İSTİKAMET AVENGA

487 54 29
                                    

" Bu hayatta bana her şey olabileceğini kanıtlar niteliktesin Ela. Senin gibi biri prensesse oyuncak ayım gizli bir teşkilatın mafya babası olabilir."

Tahmin edebileceğiniz üzere bu konuşan Eceydi. Gerçekleri öğreneli bir koca hafta olmasına rağmen hâlâ durup durup odama giriyor, benim nasıl bir prenses olabileceğim hakkında felsefe yapıyordu. Bugün tam bir hafta olmuştu. Kraliçe Victoria bana öğrendikten ertesi gün sonra Avengaya uçmamı teklif etmişti fakat annemle konuşunca bir hafta zamana ihtiyacım olduğuna karar vermişti. Saat 7'de Victoria'nın uçağı beni alacaktı. Tabii Borayla birlikte. Avenga'da kaldığım süre boyunca bana rehberlik edecekti.

Okula gitmek için son birkaç ödevimi de çantama yerleştirirken " Ece" diye mırıldandım. " Sen nasıl bir insansın yahu? Hayır yani anlamıyorum,azıcıkta mı ablam kimbilir ne haldedir,gideyimde şuna bir iki destek olayım,sonuçta kızın her gün hayatı değişmiyor diye düşünmüyorsun?"

Ece kapının ağzından uzaklaşırken saçını savurdu ve hayatımda duyduğum en net ve duygusuz tonda " Hayır." Dedi. " Sen gidince burayı kendime hobi odası falan yapayım diye düşünüyorum,şu duvardaki zevksiz tabloları falan çıkarsam, bir de kenardaki kitaplığın yerine matımı serip sabah gün ışında sporumu yapsam nasıl olur dersin?
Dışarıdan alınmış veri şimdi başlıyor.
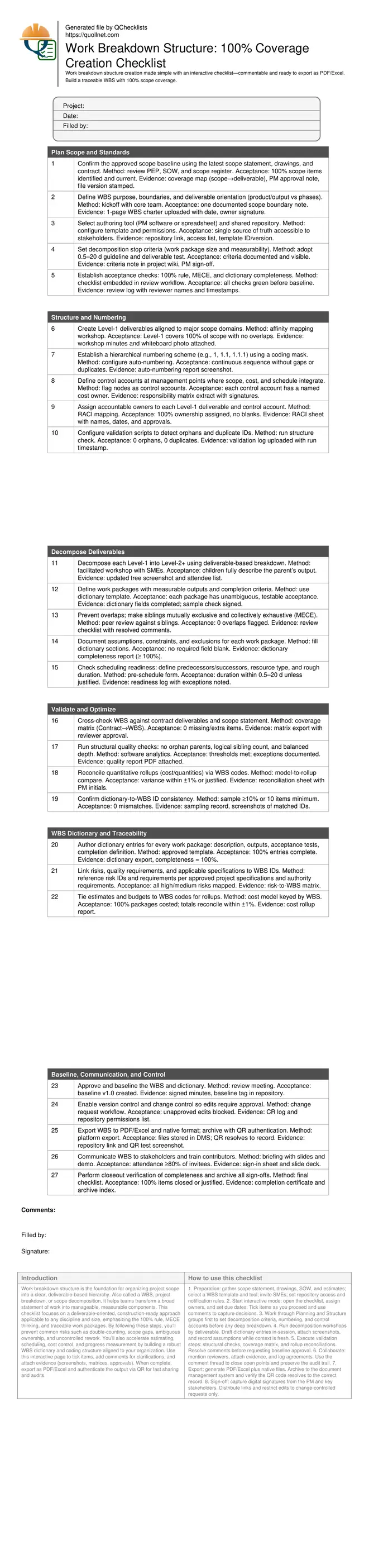 Work breakdown structure is the foundation for organizing project scope into a clear, deliverable-based hierarchy. Also called a WBS, project breakdown, or scope decomposition, it helps teams transform a broad statement of work into manageable, measurable components. This checklist focuses on a deliverable-oriented, construction-ready approach applicable to any discipline and size, emphasizing the 100% rule, MECE thinking, and traceable work packages. By following these steps, you’ll prevent common risks such as double-counting, scope gaps, ambiguous ownership, and uncontrolled rework. You’ll also accelerate estimating, scheduling, cost control, and progress measurement by building a robust WBS dictionary and coding structure aligned to your organization. Use this interactive page to tick items, add comments for clarifications, and attach evidence (screenshots, matrices, approvals). When complete, export as PDF/Excel and authenticate the output via QR for fast sharing and audits.

Haa,unutmadan şu yerdeki saçma halının yerine..."

Evet burdan sonrasını duyamadınız çünkü çoktan çantamı toplayıp evden çıktım. Annem işteydi ve ben bugün okula servisle gidecektim.

Ceketimin kolunu sıyırıp saatime baktım. Gelmek üzereydi. Her zamanki gibi evimin önündeki sokakta beklemeye başladım. Zilli kulubesinde uyukluyordu. Gülümsedim. Buradan gidince onu çok özleyecektim. Tıpkı her şeyi olduğu gibi.

Biraz sonra servis gelmişti. Her an olduğu gibi yine içimi anlık bir heyecan kaplamış,yüzüme hüzünlü bir tebessüm yayılmıştı. Bu,bu servisteki son günümdü. Şoförümüz Kutay Amcaya son günaydın deyişimdi. Sırma ve Çağlayla son sabah sohbetimdi. Bitişler herkes için zordur fakat başlangıçlar bir o kadar coşkuludur. Hayat,insana yeni deneyimler sunar,senin yapman gereken tek şey kendini ana bırakmaktır. ZNZ
Bu özlü söz zihnimin içinde yankılanırken yutkundum. Haklılık payı vardı.

" Ela, ne dikiliyorsun orda salak gibi? Gelsene kızım!"

Çağla'nın sesini duyunca irkildim ve yanlarına gittim. Yanından geçtiğim koltuklarda oturan insanlar bana bakıp fısıldaşıyorlardı. Çok kısa bir an gördüm onları. Fazla umursamadım. İçine düştüğüm bu fazla saçma durum bir zahmet konuşulsun değil mi ama!

" Bu akşam mı?" Dedi Sırma somurtarak. Ece'nin aksine o gideceğim için çok üzülmüş,hem de çok heyecanlanmıştı. Heyecanlanmıştı çünkü beni Avenga'da bir kraliyet hayatı bekliyordu. Kim bilir ortam nasıldı? Ona her şeyi anlatır mıydım? Belki bana gelen pahalı mücevherlerden Sırmaya gönderirdim? Aklında bu soruların olduğuna emindim,bu beni ister istemez güldürdü.

" Evet, yedide Borayla birlikte uçağa bineceğiz."

" Aile'nin neye benzediğini biliyor musun?"

" Bir tek Bora'nın hastanedeyken gösterdiği Victora'nın resmi var,başka nasıl bileyim ki onları?"

Çağla elini alnına götürdü ve ofladı. Turuncu saçları yüzüne dökülmüş, "pes"
Der gibi bir hali vardı.

" Sırmacığım,bu üstün zekalı arkadaşımıza söyler misin, google neden var?"

" Aaa" dedim oturduğum yerde dikleşerek. " Ben bunu neden daha önce düşünemedim?"

Kızların imalı bakışları eşliğinde telefonumu ceketimin iç cebinden çıkardım ve arama motoruna " Avenga Kraliyet Ailesi" yazdım.